To perform the comparison, I needed Spotify’s version of my listening stats. Unfortunately, Spotify doesn’t provide users with a full, downloadable record of their annual listening history. However, they do generate a playlist called “Your Top Songs 2024,” which compiles what they claim are your most played songs of the year. I extracted the tracklist from this playlist and used it as the best available proxy for Spotify’s internal ranking.
With the two lists - Last.fm’s data and Spotify’s playlist - side by side, the discrepancies became immediately obvious.

As you can see, my instincts were right regarding “Sunset.” In general, the two lists don’t look unrelated, but there are significant discrepancies. But how bad is it? How far are the two lists from each other? What does “far” even mean in this context?
How different are the lists?
Intuitive metric: Jaccard Similarity
First, do the lists even talk about the same songs? Jaccard Similarity looks only at membership, not order: overlap / union. When running this similarity test on my Spotify vs. Last.fm data, it gives 0.639, meaning roughly 64% of the unique tracks appear on both lists. Good news: the playlists are not strangers. Bad news: a third of the songs are unique to one source. Still, as intuitive and simple as this metric is, it is clear it misses a crucial point - order and ranking. Placing “Sunset” outside my top 10 of the year really feels off, and Jaccard doesn’t reflect such a miss.

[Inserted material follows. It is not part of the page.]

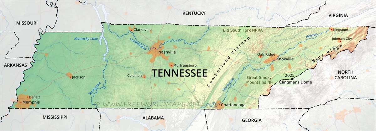 Physical map of Tennessee
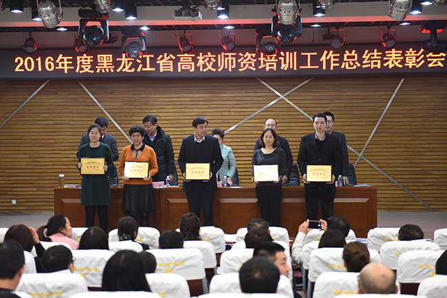 (钱正龙/文)1月5日,2016年度黑龙江省高校师资培训工作总结表彰会在我校梦溪宾馆二楼报告厅召开。我校党委副书记蒋晶洁,省教育厅职成处处长丁哲学,省教育厅高教处处长蒋琨、副处长王跃然出席会议。会议由省高师培训中心常务副主任梁大战主持。

The stats-head instinct: Spearman list correlation
This is the statistician’s immediate go-to tool for such analysis. Spearman list correlation asks: if I rank both lists, do the positions line up? If we number the songs somehow, will the resulting lists of numbers move up and down together, even if not at the same speed? Here it landed at -0.201. Negative means the rank orders tilt against each other - when Spotify says “high,” Last.fm often says “mid” or “low.” It’s not a perfect inversion, but it shows order disagreements even among the shared songs.
The ML-flavored: Edit Distance
Anyone who has ever dealt with some sort of natural language processing task (NLP) knows this one. Our lists are not words, but we can pretend they are. If we treat each list as a sequence, edit distance counts how many insert/delete/move operations it takes to morph one into the other. The raw distance here is 88 (normalized 0.880 out of 1), which is high. Translation: if you start with Spotify’s list, you’d be editing a lot to make its order look like Last.fm’s, so the sequencing disagreements are substantial.

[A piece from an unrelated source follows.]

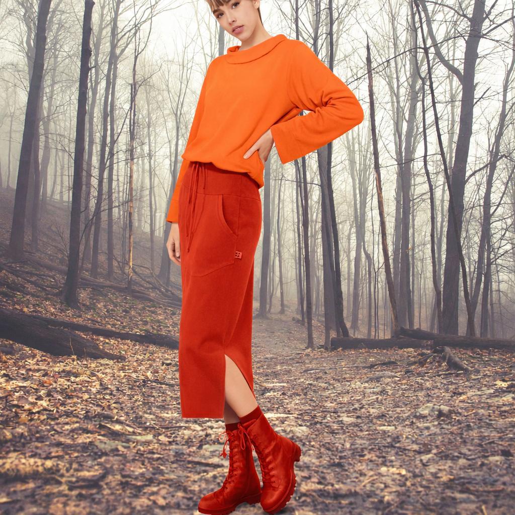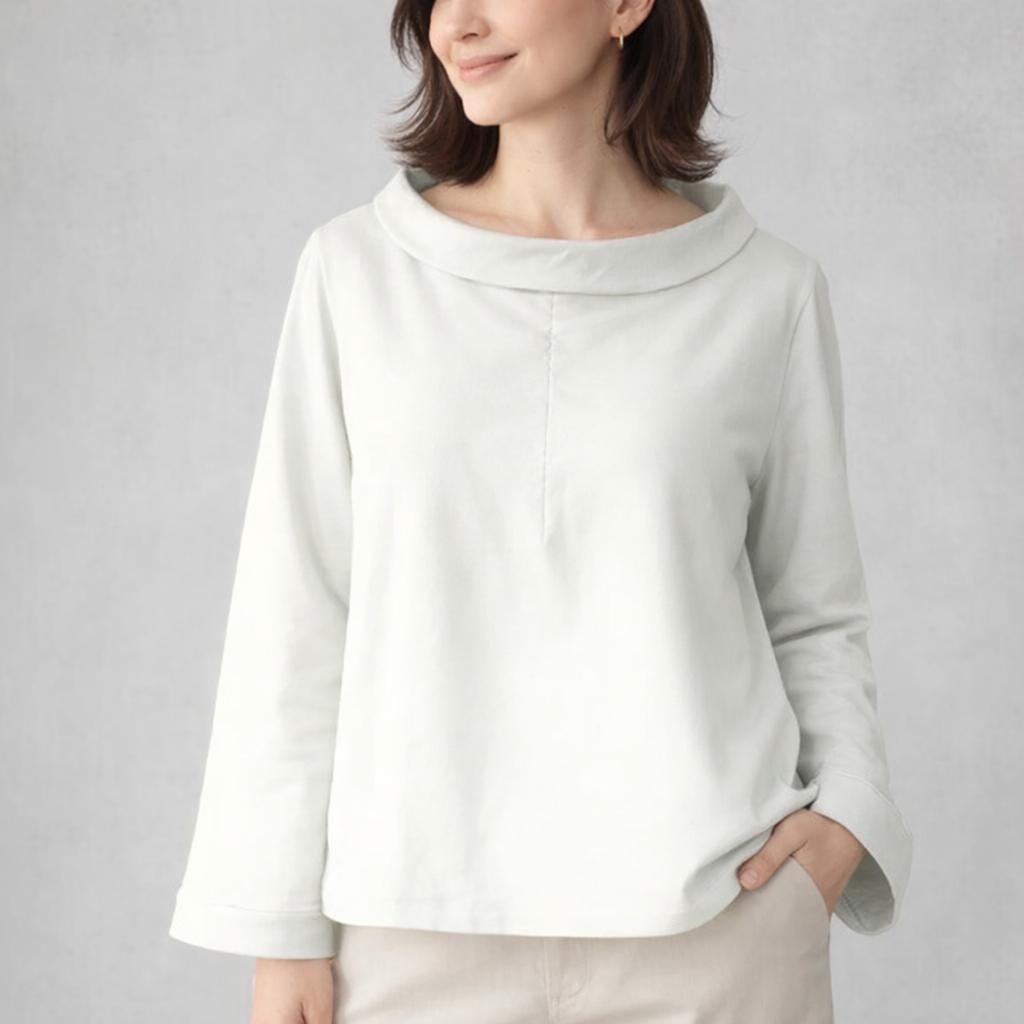 *Sweater in A-line desig with a female boat neck collar. Made in comfortable brushed cotton fabric.

Rethinking: Bubble-Sort Distance (and Kendall Tau)
If we keep this line of “how hard would we have to work to make one list look like the other,” we could replace the insert/delete/move operations of the edit distance with one action: swap. Bubble-sort distance, based on the idea behind the famous sorting algorithm, measures how many adjacent swaps you’d need to align the two orders. For me this feels more appropriate for a comparison that deals mainly with ranking. Note that, as there are songs which appear on one list only, we can’t get them by merely swapping, so I added a step in which we concatenated the missing songs to the end of the lists. One might argue that this isn’t the perfect way of doing this, but it was the most straightforward for me.

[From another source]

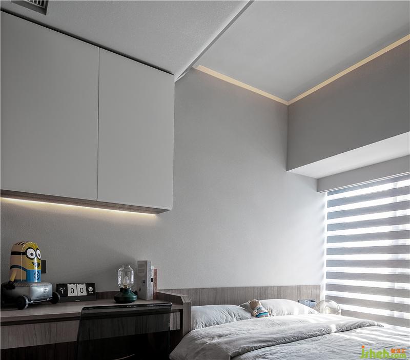 次卧的收纳空间做得也是非常充足的。白色烤漆吊柜与白色墙面交织成一幅线条感强且立体的画面,深圳装修设计视觉上更简洁、统一。
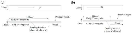 To obtain the interface performance (the interlaminar fracture toughness) of the laminate (CCF800H/AC531, which were supplied by AECC BIAM, Beijing, China)/adhesive (SY−14M−III) specimens, the critical fracture energies GIC and GIIC were obtained by DCB and ENF tests according to ASTM D5528 [29] (GIC) and ASTM D7905 [30] (GIIC, i.e., crack sliding mode interlaminar fracture toughness), respectively. Figure 3 shows the geometric configurations of the laminate/adhesive specimens. An artificial delamination with a length of 40 mm was introduced using 0.01 mm of PTFE film [6,31].

After digging a bit online, I realized that this metric has another name: Kendall Tau Distance. Kendall Tau is Bubble-Sort Distance normalized. I then also realized that this distance has a “correlation cousin”: the Kendall Tau Correlation Coefficient, which can be calculated by using a different normalization factor.
Kendall Tau correlation here is 0.578 - moderately positive. The normalized bubble-sort distance lands at 0.211, meaning that about 21% of all possible adjacent swaps would be required to turn one list into the other. That’s not terrible, but it definitely reflects meaningful reordering.
Niche idea: RBO
While looking online about Kendall Tau, I found a paper that mentioned a slightly different metric I found interesting:
Rank-Biased Overlap (RBO).
This one is top-heavy by design: early positions count more,
and the influence decays with depth using a “decay factor” p.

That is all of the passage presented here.